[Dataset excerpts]
══════════

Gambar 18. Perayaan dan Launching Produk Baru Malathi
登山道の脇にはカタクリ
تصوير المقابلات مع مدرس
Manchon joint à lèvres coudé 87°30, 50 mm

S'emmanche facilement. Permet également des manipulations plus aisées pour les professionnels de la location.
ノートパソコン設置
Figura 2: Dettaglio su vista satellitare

══════════

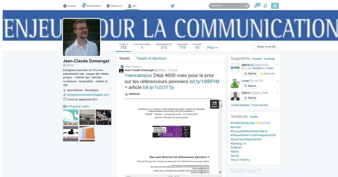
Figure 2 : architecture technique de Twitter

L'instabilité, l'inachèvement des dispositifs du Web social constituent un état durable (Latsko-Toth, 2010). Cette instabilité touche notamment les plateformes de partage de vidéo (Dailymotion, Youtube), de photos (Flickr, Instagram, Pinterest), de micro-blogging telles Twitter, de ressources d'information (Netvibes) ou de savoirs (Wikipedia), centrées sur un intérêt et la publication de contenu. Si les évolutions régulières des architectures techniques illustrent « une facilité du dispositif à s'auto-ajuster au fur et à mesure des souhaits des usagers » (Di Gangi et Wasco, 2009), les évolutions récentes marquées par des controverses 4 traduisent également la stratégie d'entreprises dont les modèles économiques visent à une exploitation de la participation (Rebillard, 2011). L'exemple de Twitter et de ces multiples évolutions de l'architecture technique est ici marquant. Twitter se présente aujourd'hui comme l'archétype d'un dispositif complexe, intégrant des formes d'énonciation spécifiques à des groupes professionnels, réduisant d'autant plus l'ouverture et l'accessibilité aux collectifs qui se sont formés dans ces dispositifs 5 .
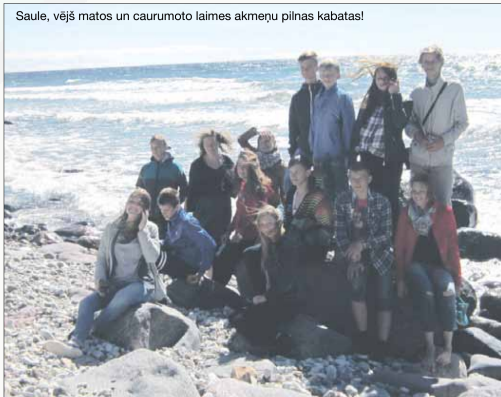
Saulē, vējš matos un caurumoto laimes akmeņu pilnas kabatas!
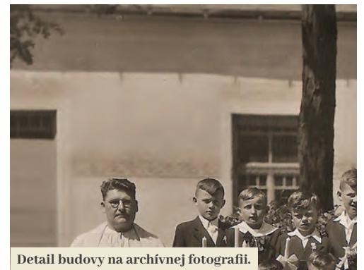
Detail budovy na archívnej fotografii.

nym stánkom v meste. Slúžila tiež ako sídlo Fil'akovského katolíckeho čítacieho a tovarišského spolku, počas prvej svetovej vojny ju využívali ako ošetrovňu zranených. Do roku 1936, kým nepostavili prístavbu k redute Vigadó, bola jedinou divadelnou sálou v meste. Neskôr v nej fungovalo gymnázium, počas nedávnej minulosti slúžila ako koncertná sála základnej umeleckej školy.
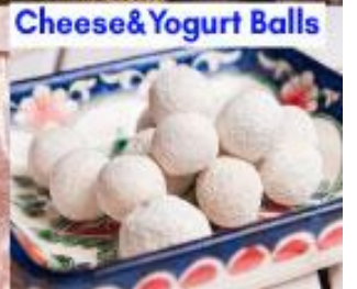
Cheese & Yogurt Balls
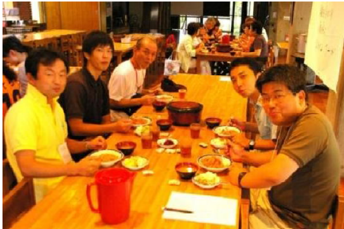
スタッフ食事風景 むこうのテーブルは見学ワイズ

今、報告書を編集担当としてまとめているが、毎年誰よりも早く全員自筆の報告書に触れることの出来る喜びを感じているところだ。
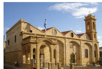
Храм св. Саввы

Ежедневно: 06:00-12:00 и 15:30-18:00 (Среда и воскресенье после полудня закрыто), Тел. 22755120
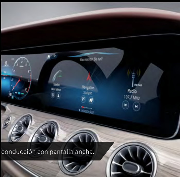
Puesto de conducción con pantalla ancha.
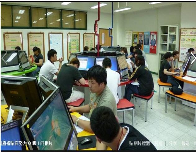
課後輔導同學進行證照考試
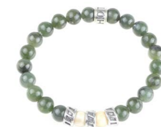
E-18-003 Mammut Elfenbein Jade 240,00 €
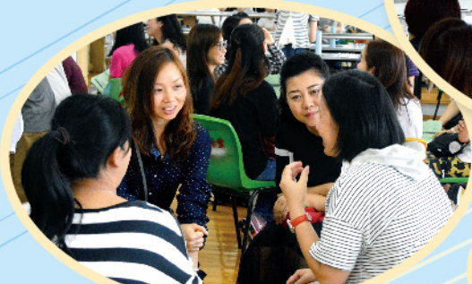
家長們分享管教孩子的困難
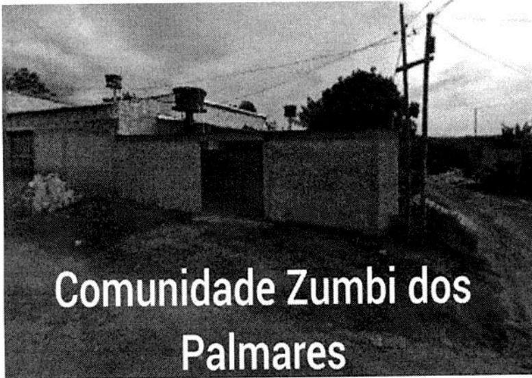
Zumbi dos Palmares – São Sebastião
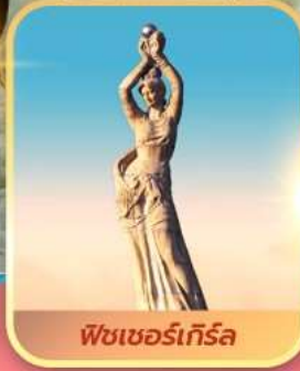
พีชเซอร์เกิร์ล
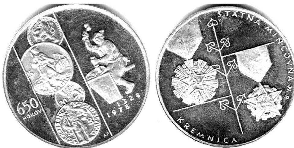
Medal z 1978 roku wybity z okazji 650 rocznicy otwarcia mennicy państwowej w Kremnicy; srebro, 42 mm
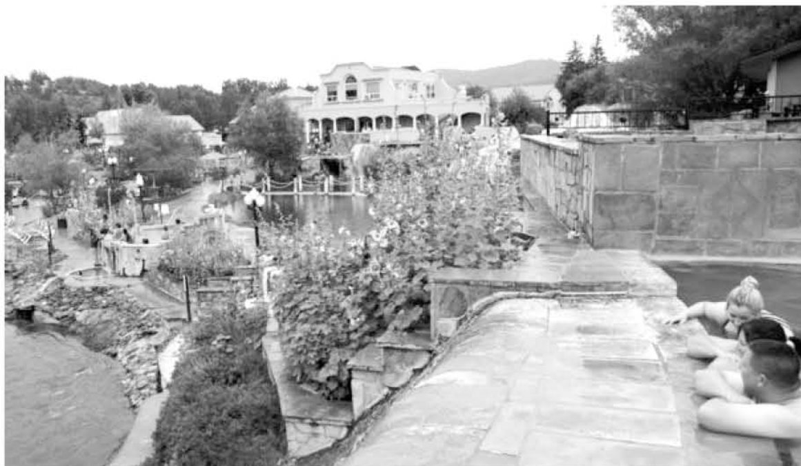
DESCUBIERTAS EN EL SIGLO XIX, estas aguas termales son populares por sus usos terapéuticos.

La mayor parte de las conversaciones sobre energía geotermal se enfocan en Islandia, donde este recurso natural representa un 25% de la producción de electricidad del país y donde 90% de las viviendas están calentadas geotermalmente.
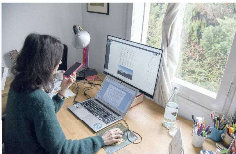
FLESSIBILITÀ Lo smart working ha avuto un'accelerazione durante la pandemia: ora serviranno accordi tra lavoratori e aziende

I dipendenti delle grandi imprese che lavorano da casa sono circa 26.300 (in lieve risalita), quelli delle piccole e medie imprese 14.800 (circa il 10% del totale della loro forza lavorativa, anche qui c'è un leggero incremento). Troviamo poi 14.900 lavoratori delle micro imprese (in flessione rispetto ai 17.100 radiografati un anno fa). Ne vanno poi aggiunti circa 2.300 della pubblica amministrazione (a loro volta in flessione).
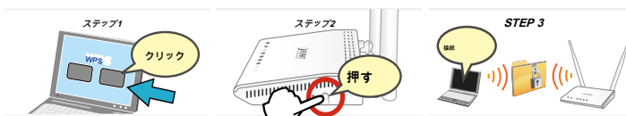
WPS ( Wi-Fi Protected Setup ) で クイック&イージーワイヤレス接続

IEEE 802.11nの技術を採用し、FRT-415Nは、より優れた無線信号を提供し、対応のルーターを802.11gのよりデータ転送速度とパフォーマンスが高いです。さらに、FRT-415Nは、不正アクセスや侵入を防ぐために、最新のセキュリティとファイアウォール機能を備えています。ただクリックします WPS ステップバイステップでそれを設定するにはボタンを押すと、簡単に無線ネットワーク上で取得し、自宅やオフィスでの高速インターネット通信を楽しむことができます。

══════════

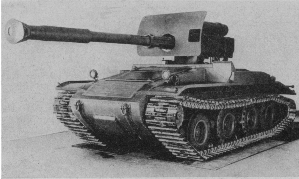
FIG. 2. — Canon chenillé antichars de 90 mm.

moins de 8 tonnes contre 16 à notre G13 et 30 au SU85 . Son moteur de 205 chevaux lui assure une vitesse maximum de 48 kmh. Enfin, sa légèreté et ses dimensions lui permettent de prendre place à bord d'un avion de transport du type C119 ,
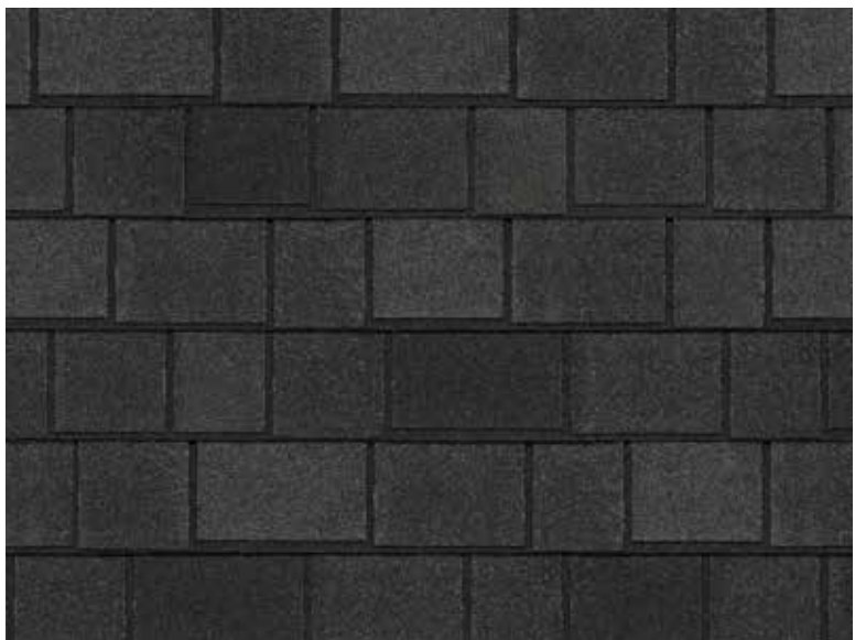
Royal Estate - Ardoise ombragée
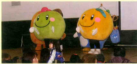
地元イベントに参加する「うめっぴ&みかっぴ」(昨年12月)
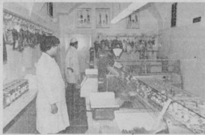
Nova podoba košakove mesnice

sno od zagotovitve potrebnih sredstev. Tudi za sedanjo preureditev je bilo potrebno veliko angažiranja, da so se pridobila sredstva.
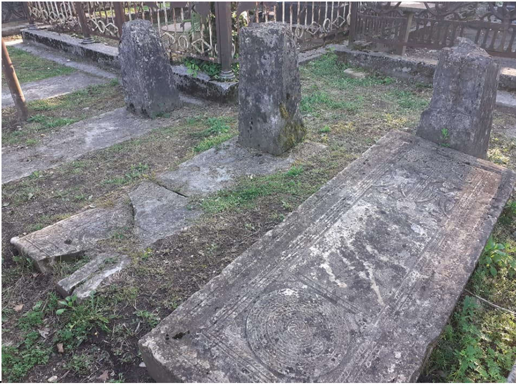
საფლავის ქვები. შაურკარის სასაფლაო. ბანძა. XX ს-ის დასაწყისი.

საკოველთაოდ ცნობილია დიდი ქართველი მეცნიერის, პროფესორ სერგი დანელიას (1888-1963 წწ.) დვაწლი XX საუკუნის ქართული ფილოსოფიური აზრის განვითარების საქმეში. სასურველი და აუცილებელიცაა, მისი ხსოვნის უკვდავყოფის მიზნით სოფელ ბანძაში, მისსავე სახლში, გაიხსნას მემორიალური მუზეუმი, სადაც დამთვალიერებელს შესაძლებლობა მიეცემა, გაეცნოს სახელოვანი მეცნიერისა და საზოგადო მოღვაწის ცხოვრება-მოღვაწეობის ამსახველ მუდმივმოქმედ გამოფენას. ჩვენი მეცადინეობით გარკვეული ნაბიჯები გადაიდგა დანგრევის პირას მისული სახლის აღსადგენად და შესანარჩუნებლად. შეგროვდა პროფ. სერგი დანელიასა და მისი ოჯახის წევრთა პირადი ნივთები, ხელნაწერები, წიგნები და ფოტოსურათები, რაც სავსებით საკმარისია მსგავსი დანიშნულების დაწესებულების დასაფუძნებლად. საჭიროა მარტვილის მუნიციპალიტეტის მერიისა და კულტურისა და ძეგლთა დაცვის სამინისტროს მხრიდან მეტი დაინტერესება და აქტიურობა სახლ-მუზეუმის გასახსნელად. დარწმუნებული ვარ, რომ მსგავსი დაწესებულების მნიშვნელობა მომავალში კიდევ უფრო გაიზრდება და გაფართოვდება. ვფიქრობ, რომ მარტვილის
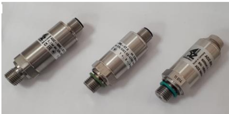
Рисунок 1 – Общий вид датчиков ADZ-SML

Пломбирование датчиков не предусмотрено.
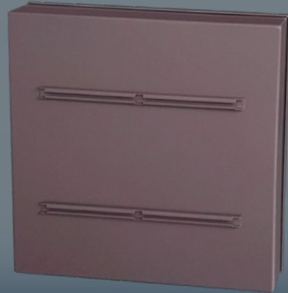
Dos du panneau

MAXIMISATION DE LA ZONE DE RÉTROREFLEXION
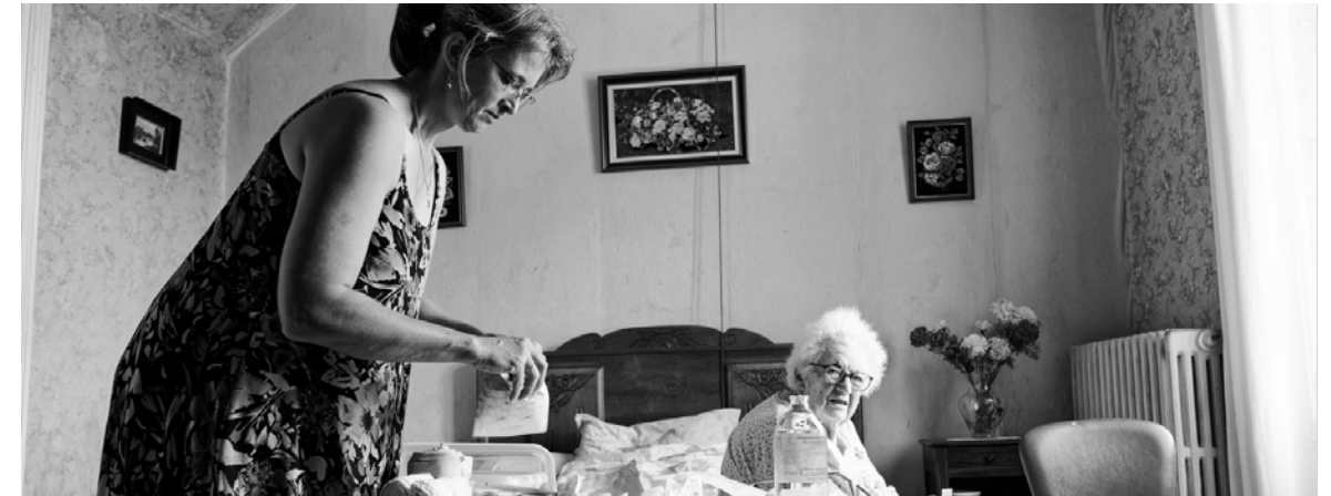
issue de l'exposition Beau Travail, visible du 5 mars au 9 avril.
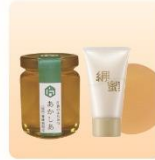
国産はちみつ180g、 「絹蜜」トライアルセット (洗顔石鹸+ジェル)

══════════

Each line from the one that contains "Cheese & Yogurt Balls" down to the one that contains "FLESSIBILITÀ Lo smart" is to be returned exactly as it stands above, both ends included, with pictures removed.

### Response to the exercise
Cheese & Yogurt Balls
スタッフ食事風景 むこうのテーブルは見学ワイズ

今、報告書を編集担当としてまとめているが、毎年誰よりも早く全員自筆の報告書に触れることの出来る喜びを感じているところだ。
Храм св. Саввы

Ежедневно: 06:00-12:00 и 15:30-18:00 (Среда и воскресенье после полудня закрыто), Тел. 22755120
Puesto de conducción con pantalla ancha.
課後輔導同學進行證照考試
E-18-003 Mammut Elfenbein Jade 240,00 €
家長們分享管教孩子的困難
Zumbi dos Palmares – São Sebastião
พีชเซอร์เกิร์ล
Medal z 1978 roku wybity z okazji 650 rocznicy otwarcia mennicy państwowej w Kremnicy; srebro, 42 mm
DESCUBIERTAS EN EL SIGLO XIX, estas aguas termales son populares por sus usos terapéuticos.

La mayor parte de las conversaciones sobre energía geotermal se enfocan en Islandia, donde este recurso natural representa un 25% de la producción de electricidad del país y donde 90% de las viviendas están calentadas geotermalmente.
FLESSIBILITÀ Lo smart working ha avuto un'accelerazione durante la pandemia: ora serviranno accordi tra lavoratori e aziende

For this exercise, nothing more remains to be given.